▶ **Exercise**
Give back each line of the data exactly as it reads, minus the pictures.

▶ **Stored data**
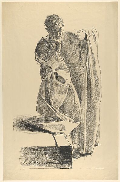 As he worked on a group of six lithographs in 1895, Sargent moved away from images that silhouetted nude forms against light grounds, and added drapery to increase the amount of tone and texture. The standing model is swathed in a heavy sheet, which crumples into dark and light folds below his propped knee, and falls in strong verticals below his raised left elbow. Strong tonal contrasts would be developed fully in "Study of a Young Man, Seated" (50.558.4), the print Sargent sent to the Paris Palais des Beaux-Arts exhibition of October 1895. The British printer Frederick Goulding, who had developed an improved transfer paper for lithography, encouraged Sargent and other London artists to participate, offering to supply them with materials and to print their work. Sargent's valet, Nicola d’Inverno, a Londoner of Italian descent, is believed to have served as model.
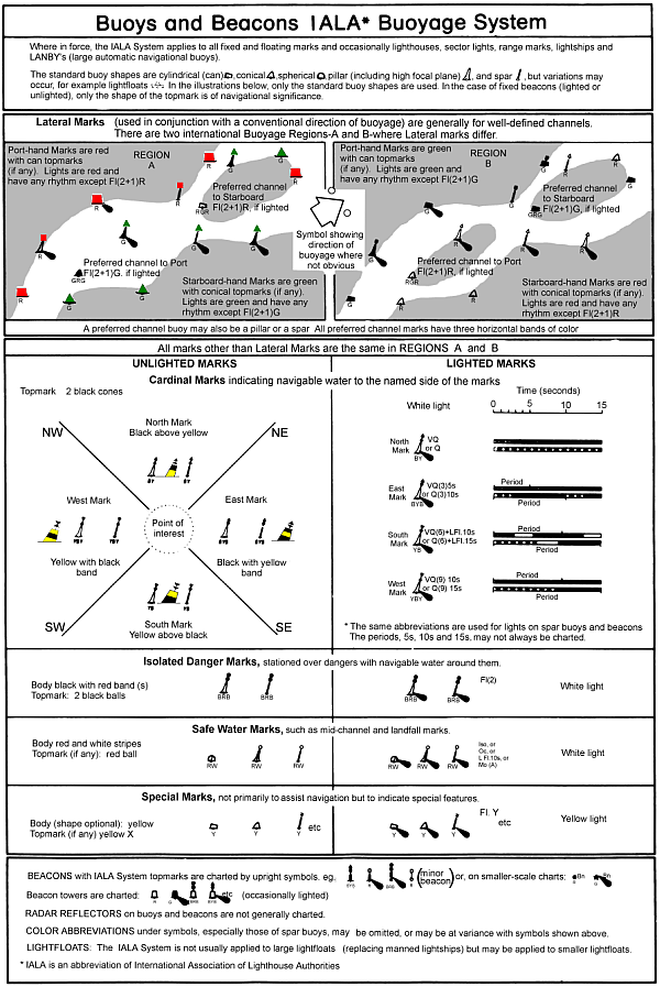 Diagram showing the common types of buoyage, light characteristics, and meanings.
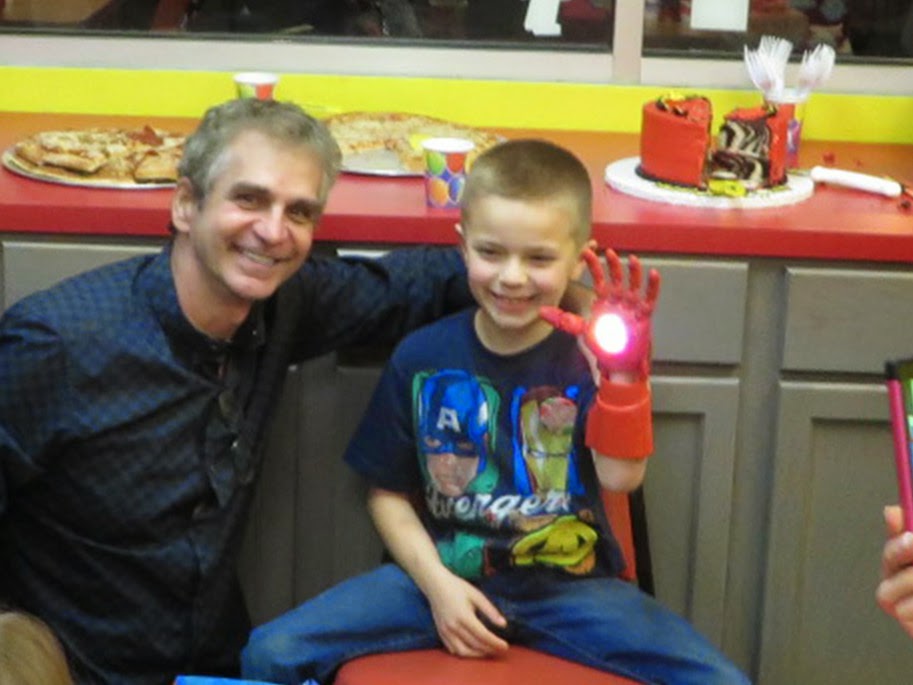Eight year old Iron Kid Tyler gets the 3D Printed Iron Man Prosthetic Hand for his birthday. This was the best day ever, and look forward to continuing development of the hand with Tyler, and his amazing family. ~Pat
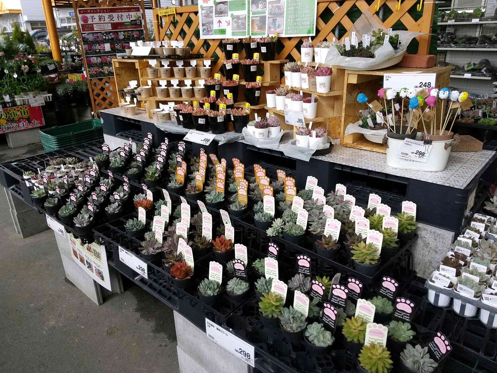 初めてです。こんなにたくさん多肉が置いてある。目の保養効果大。ドルチェ苗も。
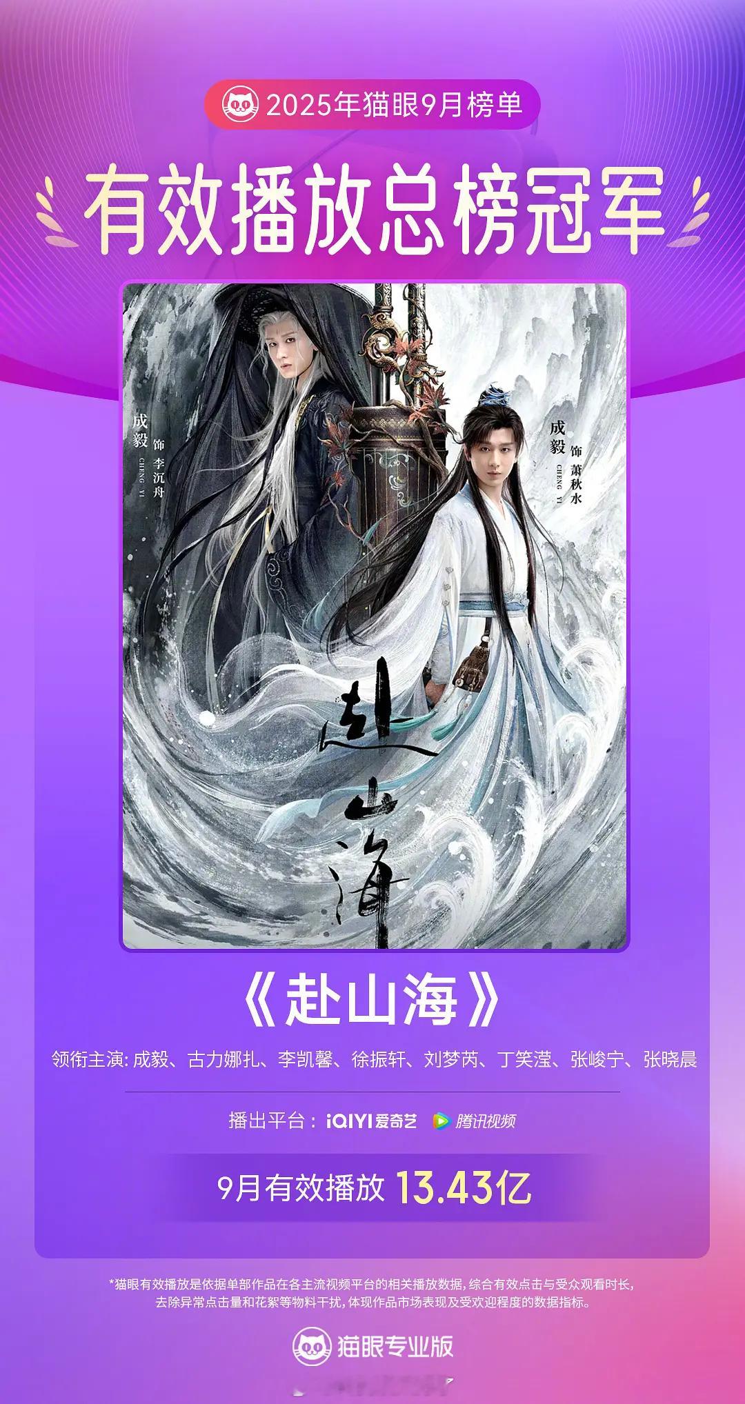 成毅《赴山海》9月剧集双榜冠军,9月集均已3000w+

▶ **Written response**
 As he worked on a group of six lithographs in 1895, Sargent moved away from images that silhouetted nude forms against light grounds, and added drapery to increase the amount of tone and texture. The standing model is swathed in a heavy sheet, which crumples into dark and light folds below his propped knee, and falls in strong verticals below his raised left elbow. Strong tonal contrasts would be developed fully in "Study of a Young Man, Seated" (50.558.4), the print Sargent sent to the Paris Palais des Beaux-Arts exhibition of October 1895. The British printer Frederick Goulding, who had developed an improved transfer paper for lithography, encouraged Sargent and other London artists to participate, offering to supply them with materials and to print their work. Sargent's valet, Nicola d’Inverno, a Londoner of Italian descent, is believed to have served as model.
 Diagram showing the common types of buoyage, light characteristics, and meanings.
Eight year old Iron Kid Tyler gets the 3D Printed Iron Man Prosthetic Hand for his birthday. This was the best day ever, and look forward to continuing development of the hand with Tyler, and his amazing family. ~Pat
 初めてです。こんなにたくさん多肉が置いてある。目の保養効果大。ドルチェ苗も。
 成毅《赴山海》9月剧集双榜冠军,9月集均已3000w+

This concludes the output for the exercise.